* Task goal *
Nothing but the lines from the one containing "Romantic walk tour" through the end of the data below should appear in the answer, each exact and free of pictures.

* Material for this task *
--------------------------------
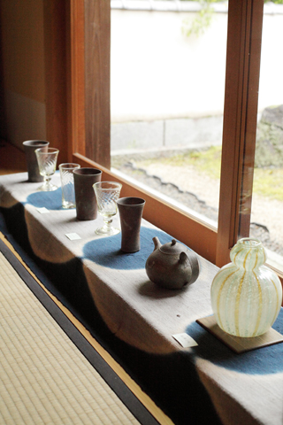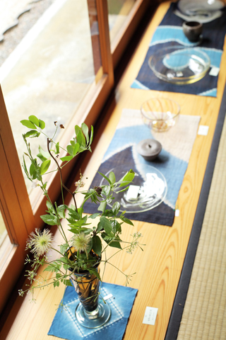 木、染め、陶器、ガラス……異なる素材が意外にもしっくりと引き立てあって 茶室が美しくモノであふれました。連日たくさんのご来店ありがとうございました。
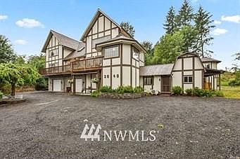 Imagine living in SECLUSION, SAFETY and TRANQUILITY in a beautiful one of a kind Tudor style home. Built with love, the home has 4,800 sq ft in main house and 1900 sq ft of garage space. Includes a second complete living quarters. Great room concept with soaring 27 ft high ceilings. Master Suite has a jetted tub. Loft over looking the front room. Perfect lighting and beautiful views through every window. Also a Wood-Fired sauna and landscaped backyard with a pond. All on 4.5 very hidden acres.
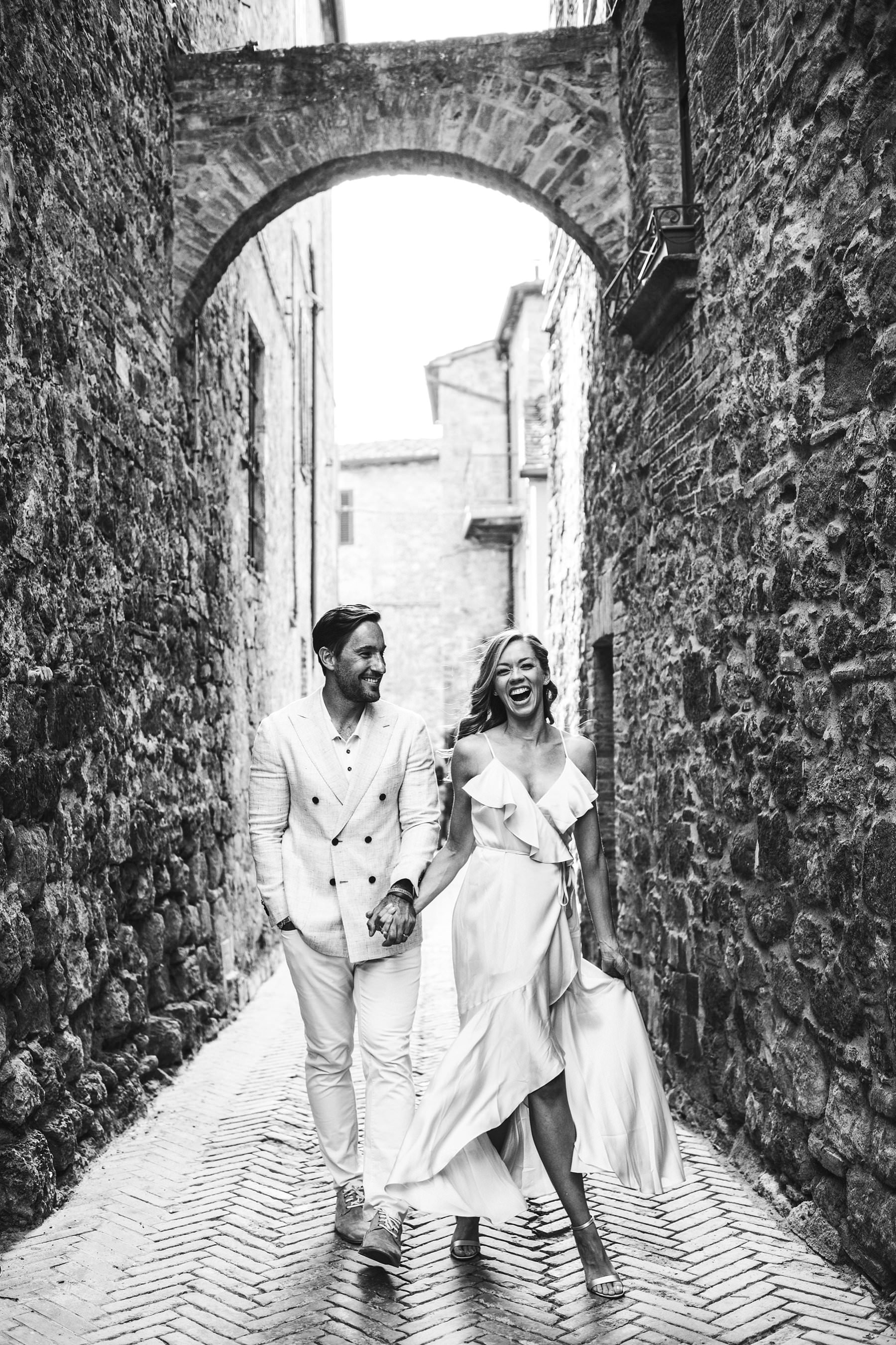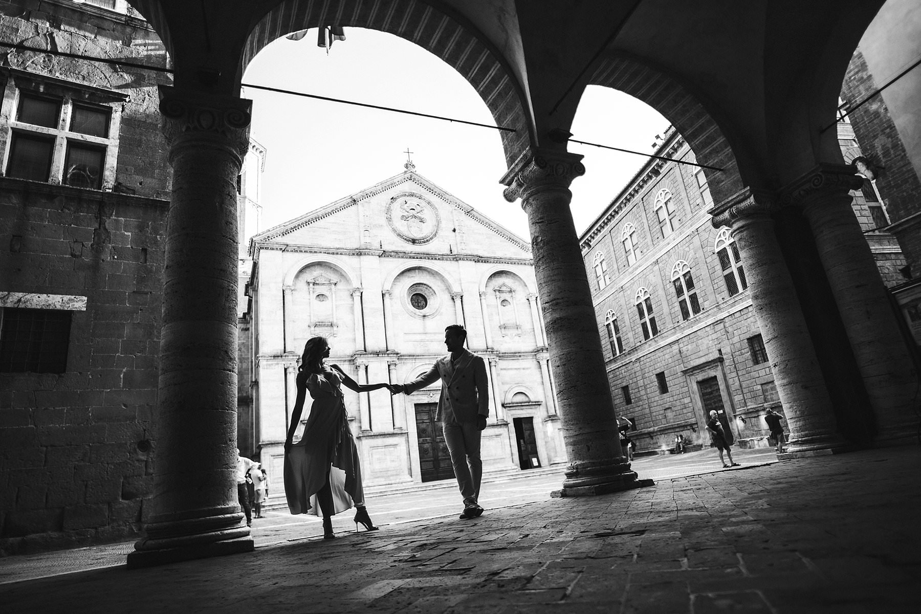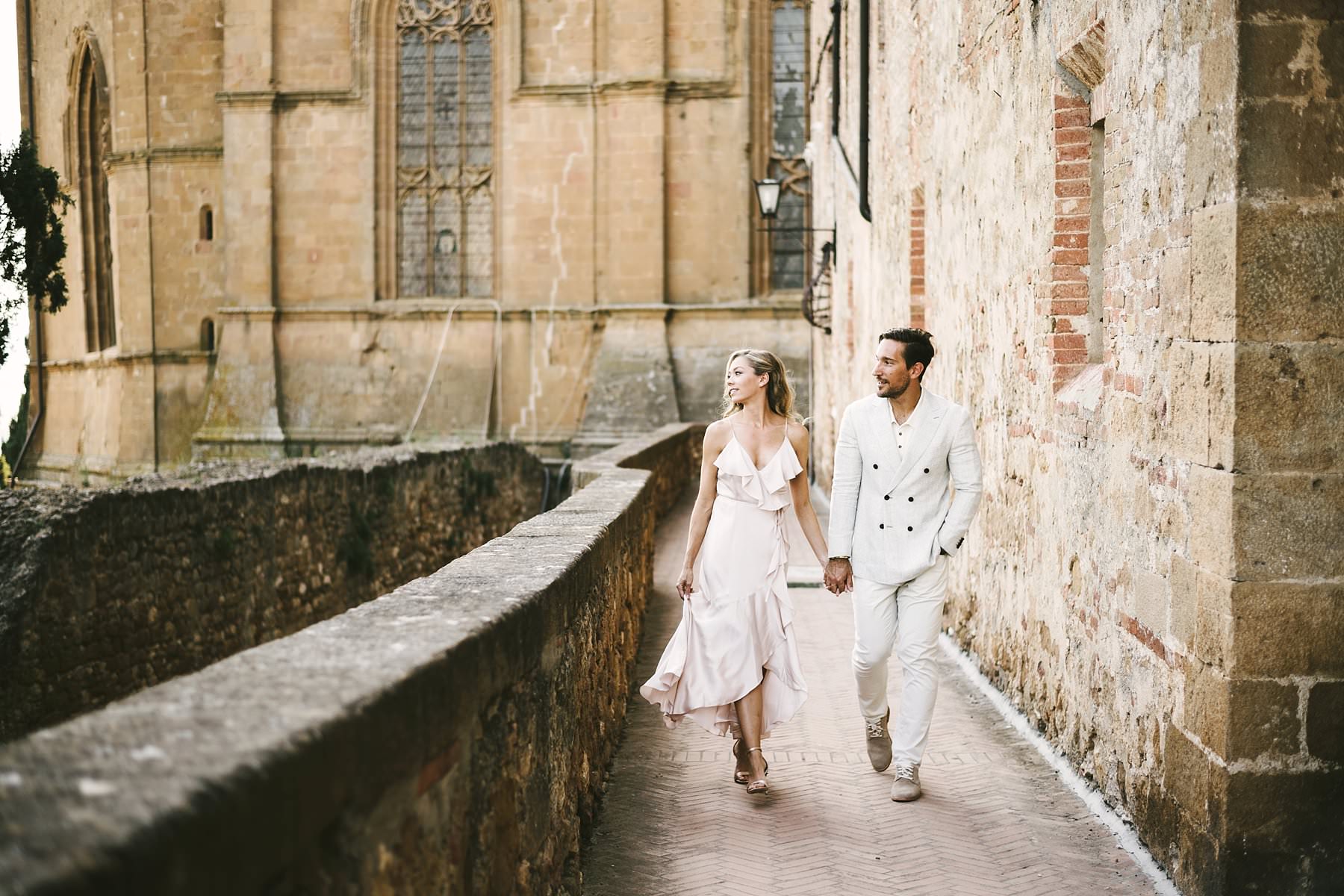 Romantic walk tour couple portrait honeymoon photo session in the historic town of Pienza. Photo by the Italian elegant, creative and modern Tuscany photographer based Florence Gabriele Fani.
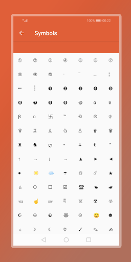 - Symbols : Includes a list of best symbols. ( Tap on any symbol to copy it to the clipboard. Then past it on any app you want).
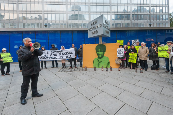 Suresh Grover of the Southall Monitoring Group with a megaphone
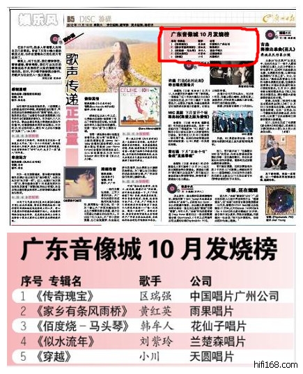 广东音像城2012年10月发烧天碟销售排行榜 广州日报2012年11月10日B5娱乐风·鉴碟版
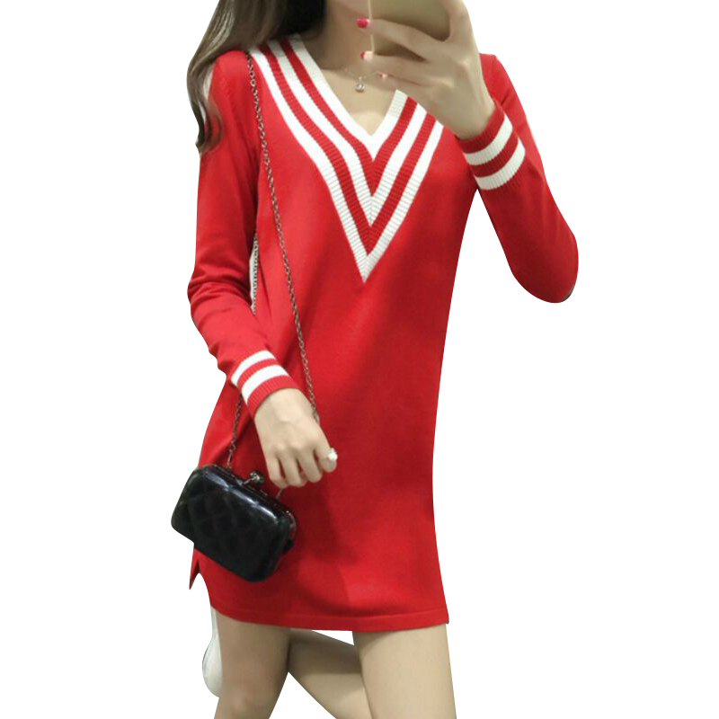 春秋裝新款韓版中長款拼接條紋V領長袖打底衫針織衫連衣裙女
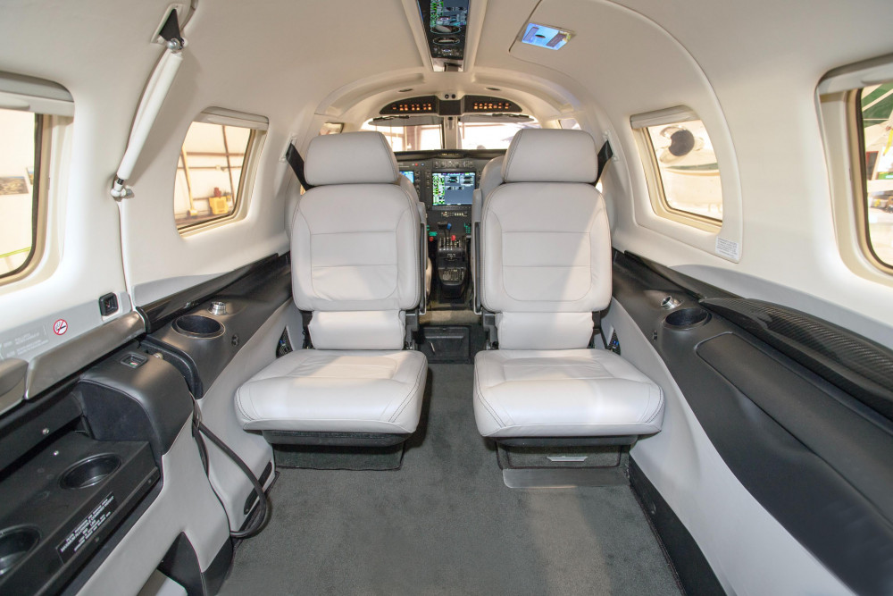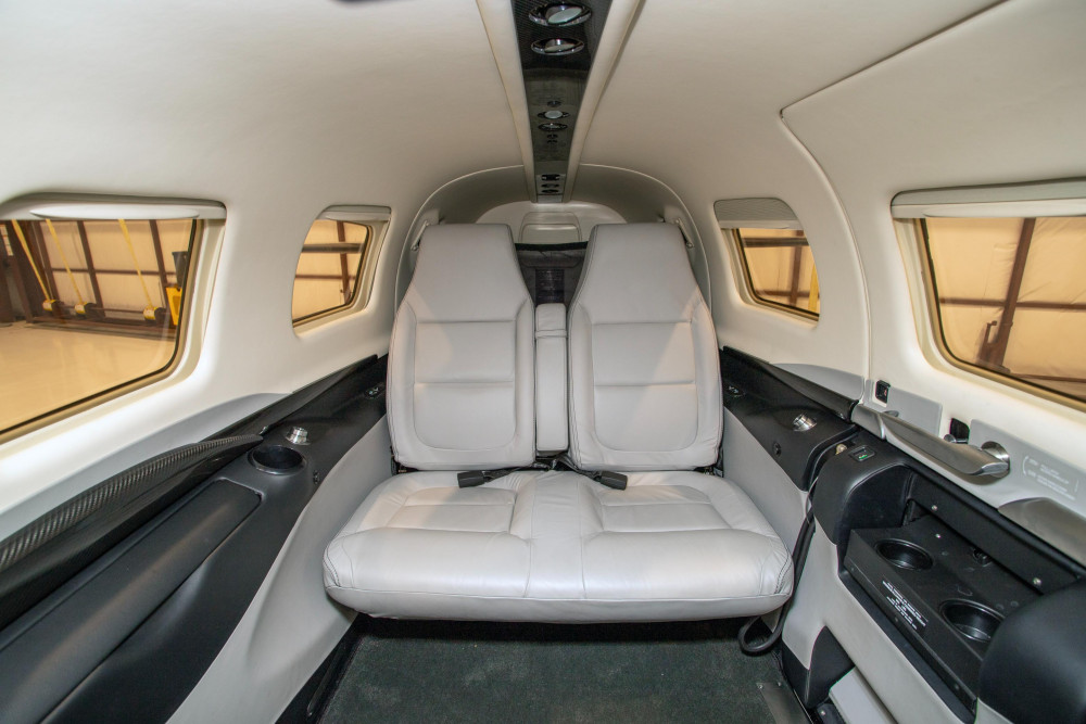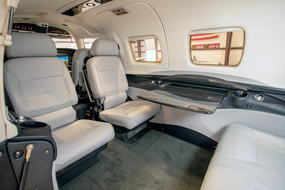 Geneva (Gray) Executive Interior w/ Chrome & Wood Accents, Electroluminescent Placards, Matching Carpet Runner, Carbon Fiber Executive Writing Table, 110 Volt Power Outlet (Aft Cabin), USB A and C Charging Ports (Cockpit and Cabin). Bose ANR Jacks (Cockpit and Cabin)
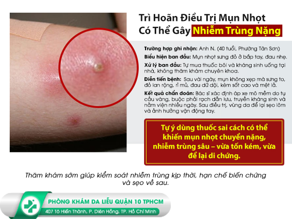 Mụn nhọt không chỉ đơn thuần là một nốt sưng đỏ nổi trên da. Tùy vị trí và mức độ viêm nhiễm, nhọt có thể tiến triển thành ổ mủ sâu, lan rộng, gây sốt, nhiễm trùng mô mềm, thậm chí đe dọa tính mạng nếu xử lý sai cách. Nhiều trường hợp chủ quan tự nặn hoặc trì hoãn thăm khám khiến tình trạng chuyển nặng nhanh chóng.
--------------------------------
* Expected answer *
 Romantic walk tour couple portrait honeymoon photo session in the historic town of Pienza. Photo by the Italian elegant, creative and modern Tuscany photographer based Florence Gabriele Fani.
 - Symbols : Includes a list of best symbols. ( Tap on any symbol to copy it to the clipboard. Then past it on any app you want).
 Suresh Grover of the Southall Monitoring Group with a megaphone
 广东音像城2012年10月发烧天碟销售排行榜 广州日报2012年11月10日B5娱乐风·鉴碟版
 春秋裝新款韓版中長款拼接條紋V領長袖打底衫針織衫連衣裙女
 Geneva (Gray) Executive Interior w/ Chrome & Wood Accents, Electroluminescent Placards, Matching Carpet Runner, Carbon Fiber Executive Writing Table, 110 Volt Power Outlet (Aft Cabin), USB A and C Charging Ports (Cockpit and Cabin). Bose ANR Jacks (Cockpit and Cabin)
 Mụn nhọt không chỉ đơn thuần là một nốt sưng đỏ nổi trên da. Tùy vị trí và mức độ viêm nhiễm, nhọt có thể tiến triển thành ổ mủ sâu, lan rộng, gây sốt, nhiễm trùng mô mềm, thậm chí đe dọa tính mạng nếu xử lý sai cách. Nhiều trường hợp chủ quan tự nặn hoặc trì hoãn thăm khám khiến tình trạng chuyển nặng nhanh chóng.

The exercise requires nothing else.